#### TO DO
Exercise in exact copying: restate word for word only the lines below from the one containing "Друг вариант може" through the one containing "內144 第75屆(2018春)全國摩托車及配件展示交易會-重慶站參展企業信息", omitting any pictures.

#### INPUT
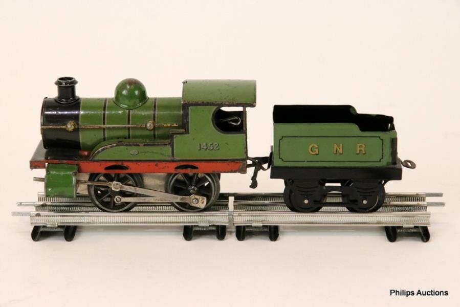 The locomotive with no. 1452 tin printed to sides, the 4-wheel tender with GNR lettering to sides, with rail.
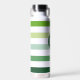 Stripes in different shapes of green. With monogram personalised water bottle in fresh colours. Gift idea for men and women.
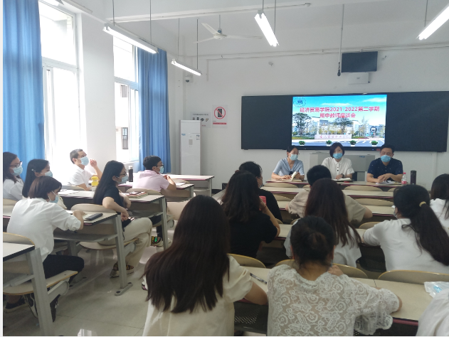 【文/图 张露莎】为进一步了解教师工作状况,规范教学管理,5月9日下午经济贸易学院在1306召开2021-2022学年第二学期期中教师座谈会。学院党总支书记、院长李春红,副书记贺昌,副院长王芳出席会议,全体教师参加会议。
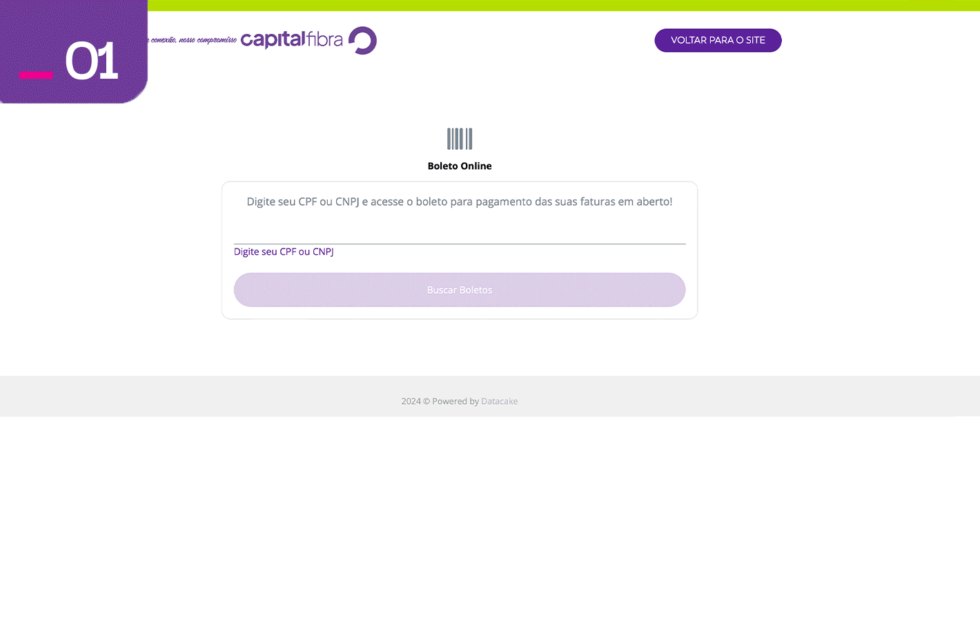 Você pode visualizar os seus boletos em aberto através do nosso sistema DataCake ou através da Central do Assinante. Escolha um deles e siga o passo-a-passo:
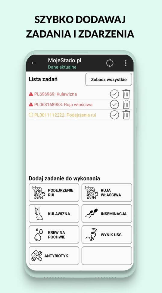 MojeStado.pl to aplikacja dostępna na telefonie oraz w przeglądarce, która zbiera w jednym miejscu wszystkie informacje o stadzie. Każde zdarzenie – inseminacja, ruja, leczenie, badanie czy wycielenie – jest zapisywane przy konkretnym zwierzęciu i tworzy jego pełną historię.
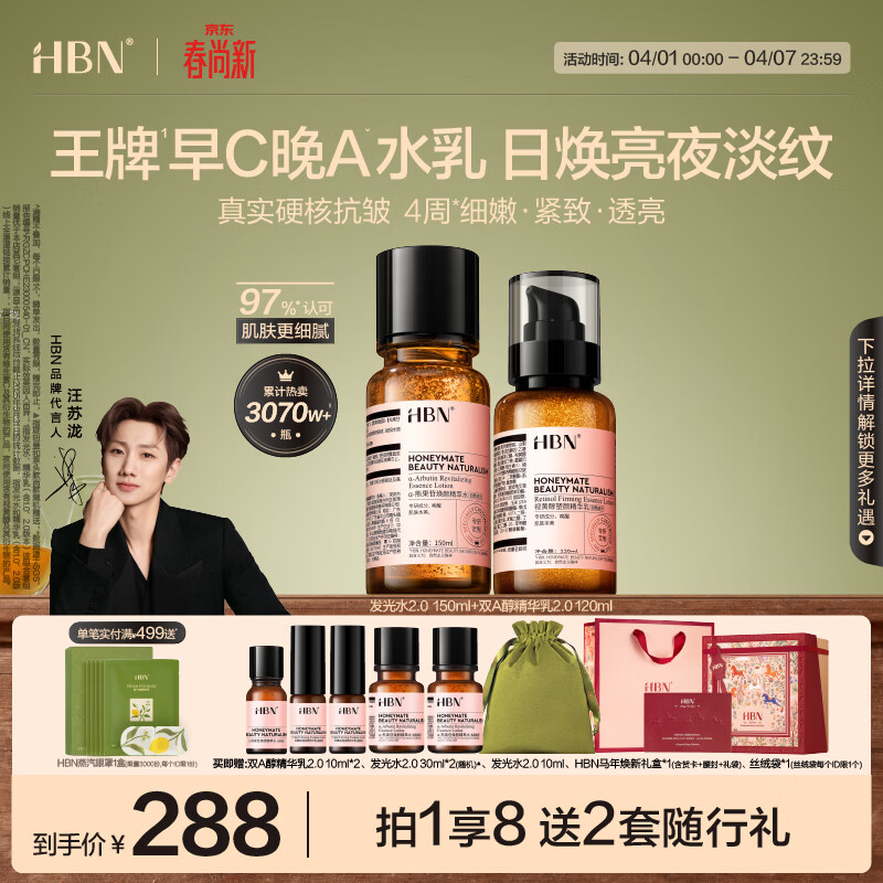 HBN【汪苏泷】早C晚A视黄醇水乳发光水提亮紧致淡纹护肤品套装礼物 【王牌水乳】发光水150ml+A醇乳
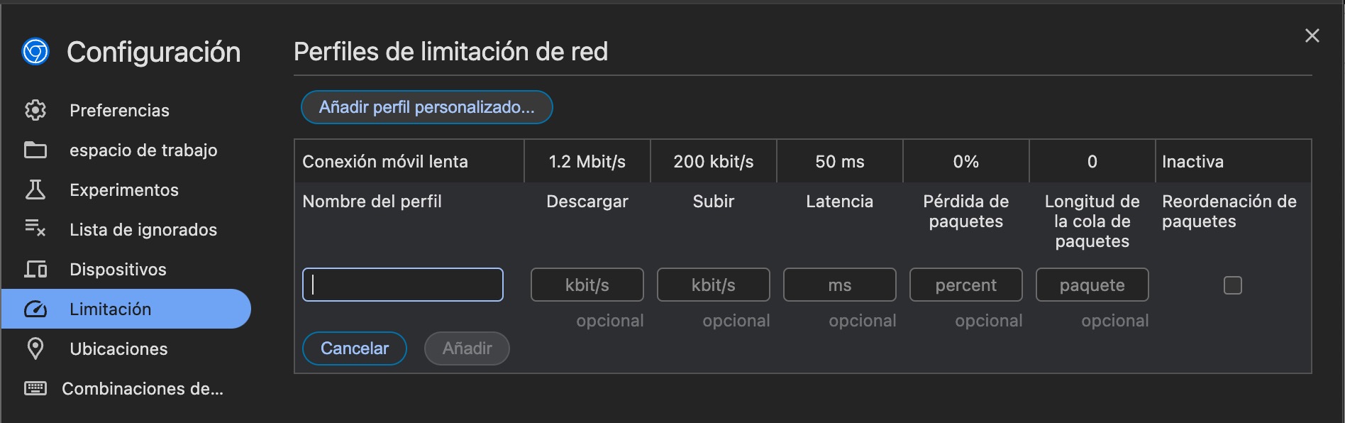 ¿Sabes que Lighthouse tiene una configuración para «limitar» la velocidad de la conexión a Internet? Eso simula diferentes condiciones que ralentizan o aceleran la velocidad de conexión, algo que puedes configurar directamente en Lighthouse.
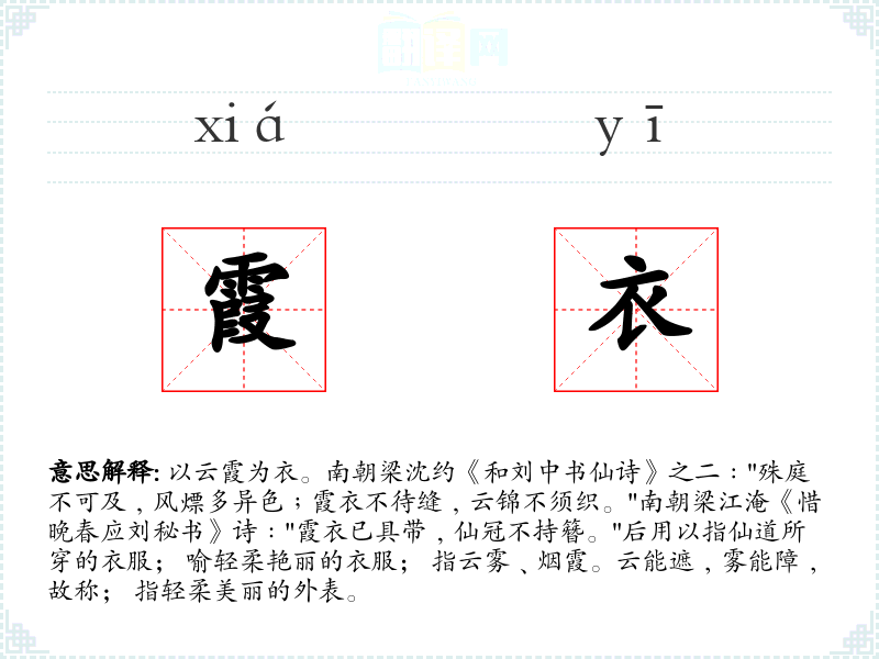 1.以云霞为衣。南朝梁沈约《和刘中书仙诗》之二﹕"殊庭不可及﹐风熛多异色﹔霞衣不待缝﹐云锦不须织。"南朝梁江淹《惜晚春应刘秘书》诗﹕"霞衣已具带﹐仙冠不持簪。"后用以指仙道所穿的衣服; 喻轻柔艳丽的衣服; 指云雾﹑烟霞。云能遮﹐雾能障﹐故称; 指轻柔美丽的外表。
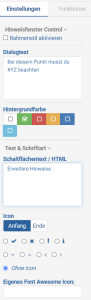 - Dialogtext: Das ist der Text der aufgeblendet werden soll. Beispielsweise eine Erklärung zu einem Punkt oder ein Hinweis auf was zu achten ist.
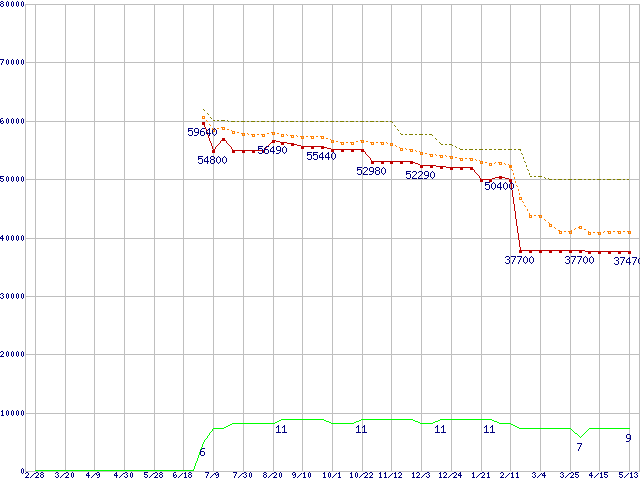 | Xeon 3.2GHz(FSB800) リテールパッケージの価格推移 | | | (2004年2月28日~2005年5月13日) |
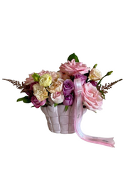 The most adorable flower arrangement set in a unique ceramic handbag. Surprise her with this cute and thoughtful gift!
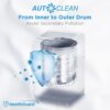 Fully Automatic Drum Clean (From Inner to Outer Drum) – Avoid secondary pollution, the water flushes between the inner and outer drums throughout the whole self-cleaning process, removing dirt and residues away to maintain a healthy washing environment.
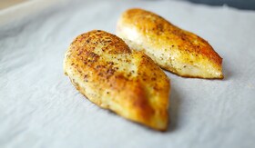 A mézes csirkéhez a sütőt előmelegítjük 150 fokra, az egész csirkemelleket pedig sózzuk-borsozzuk, majd egy jó forró serpenyőben kevés olajon szép aranybarna kérget sütünk rá, 30 másodpercenként megfordítva a húsokat (mintha egy sztéket sütnénk). Belül nem szabad teljesen elkészülnie a csirkének, mivel a melleket most kivesszük a serpenyőből (ez fontos, mert a forró serpenyőben kiszáradnának), és egy sütőpapírral bélelt tepsire helyezve bedobjuk a forró sütőbe kb. 10 percre, míg teljesen elkészülnek.
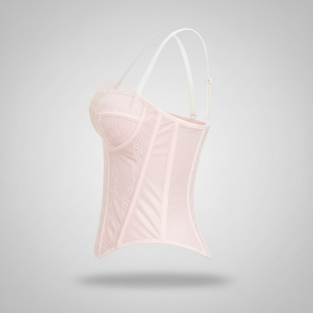 Lace Corset Bustier Top in Blush Pink – Supportive Boned Bodice
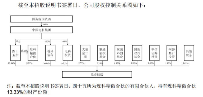 截至招股书签署日,四十五所直接持有公司33.84%股份,电科装备持有30.04%股份,电科投资持有9.01%股份,烁科精微合伙持有 9.01%股份。四十五所为中国电科集团举办的事业单位,电科装备和电科投资为中国电科集团全资子公司,同时四十五所与烁科精微合伙签署了《一致行动协议》。
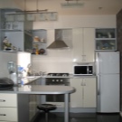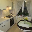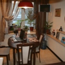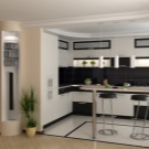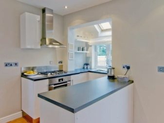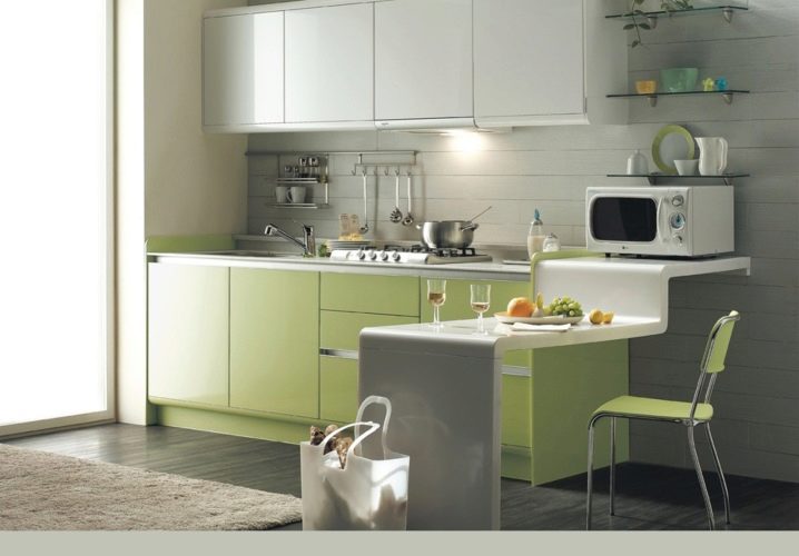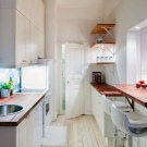 Друг вариант може да се използва дори за много малка кухня. Става въпрос за изплъзване на плоча от слушалките. Той няма крака и не може да бъде премахнат напълно, а двама могат да седнат зад него – не повече.
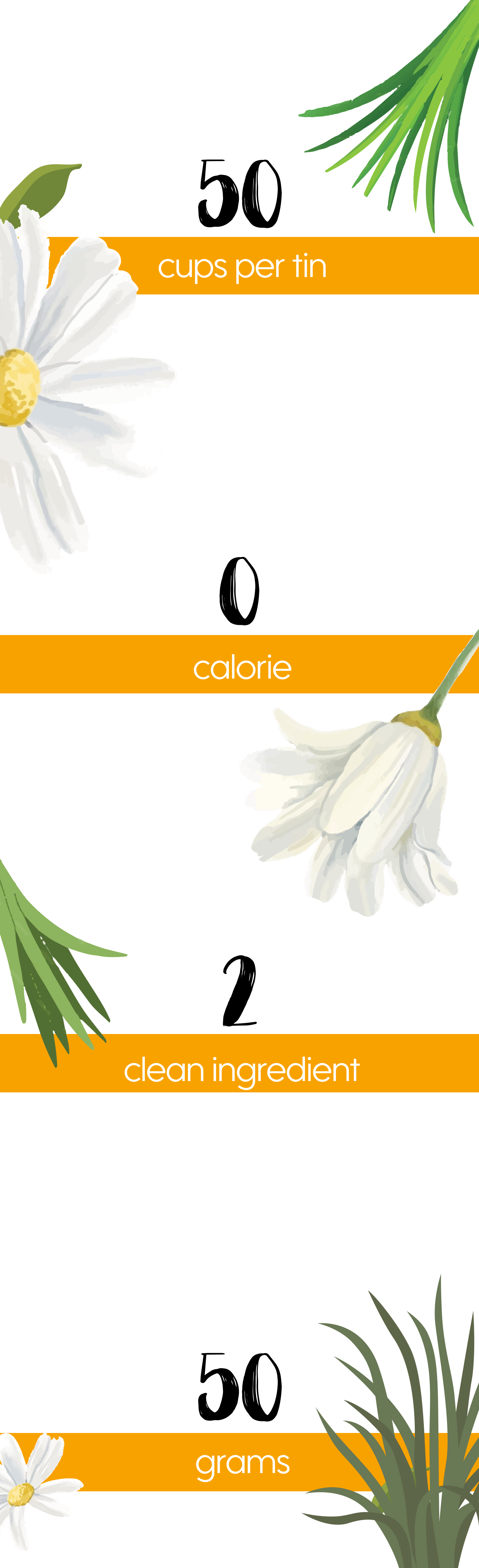 Whole Chamomile Flowers, Dried Lemongrass Leaves.
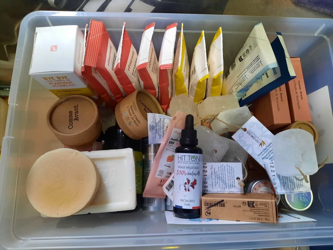 Stock de produits d’hygiène (bicarbonate de soude, savon noir, vinaigre blanc, nettoyant...
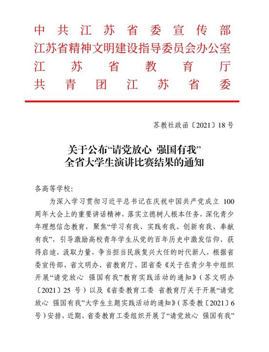 2021年12月27日,中共江苏省委宣传部、江苏省文明办、江苏省教育厅及共青团江苏省委联合下发《关于公布“请党放心,强国有我”全省大学生演讲比赛结果的通知》,糖果派对官方
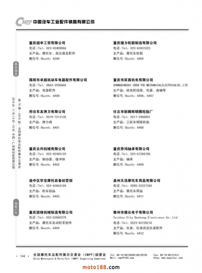內144 第75屆(2018春)全國摩托車及配件展示交易會-重慶站參展企業信息
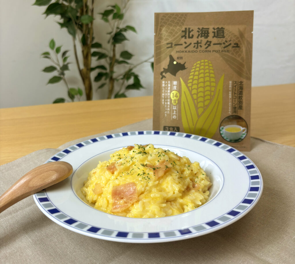 北海道産とうもろこしの甘さをぎゅっと閉じ込めた「北海道コーンポタージュ」。このやさしい味わいをもっと楽しんでもらえる方法はないかと考え、今回“コーンポタージュリゾット”を作りました。
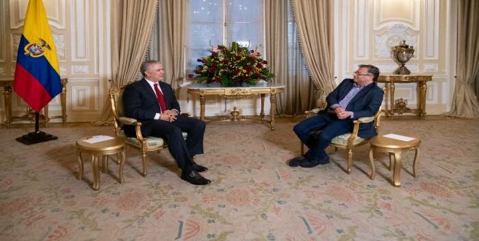 Después de las 6 de la tarde se encuentran reunidos en la Casa de Nariño, a puerta cerrada, el presidente Iván Duque y el presidente electo, Gustavo Petro.
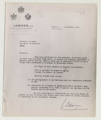 Voir Anne Liskenne, "Le catalogue des peintures et les photographies de la collection : un parcours chaotique et inédit", et Pascal Even, "Le catalogue Goeing : dans les archives dites des spoliations conservées aux Archives diploamtiques", dans Les Archives diplomatiques et J.-M. Dreyfus, Le Catalogue Goering, Paris : Flammarion, 2015, p. 81-93.
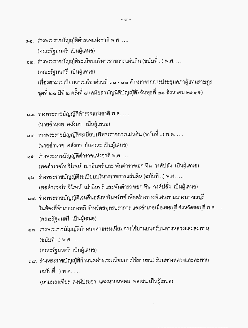 • ระเบียบวาระการประชุมสภาผู้แทนราษฎร ชุดที่ 21 ปีที่ 2 ครั้งที่ 15 (สมัยสามัญนิติบัญญัติ) วันอังคารที่ 24 กันยายน 2545
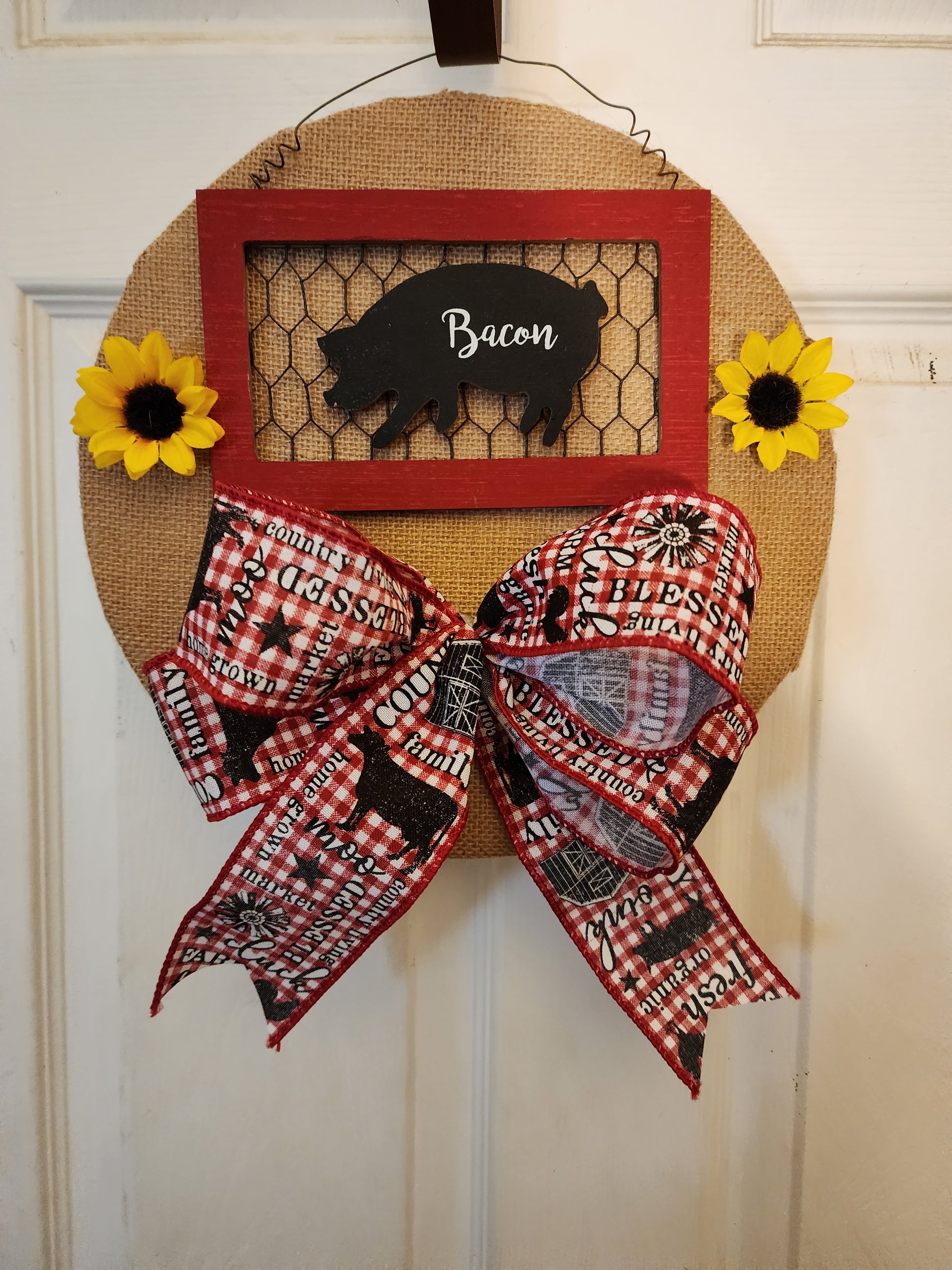 This wooden twelve inch sign is covered by burlap and topped with a section of a wooden rectangle painted red with a look of chicken wire before a cut out of a pig. On the pig is the word bacon. On each side of the pig are two small sunflowers. At the bottom is a bow of red background that has different farm animals and other farm words.

#### THE ANSWER
 Друг вариант може да се използва дори за много малка кухня. Става въпрос за изплъзване на плоча от слушалките. Той няма крака и не може да бъде премахнат напълно, а двама могат да седнат зад него – не повече.
 Whole Chamomile Flowers, Dried Lemongrass Leaves.
 Stock de produits d’hygiène (bicarbonate de soude, savon noir, vinaigre blanc, nettoyant...
 2021年12月27日,中共江苏省委宣传部、江苏省文明办、江苏省教育厅及共青团江苏省委联合下发《关于公布“请党放心,强国有我”全省大学生演讲比赛结果的通知》,糖果派对官方
內144 第75屆(2018春)全國摩托車及配件展示交易會-重慶站參展企業信息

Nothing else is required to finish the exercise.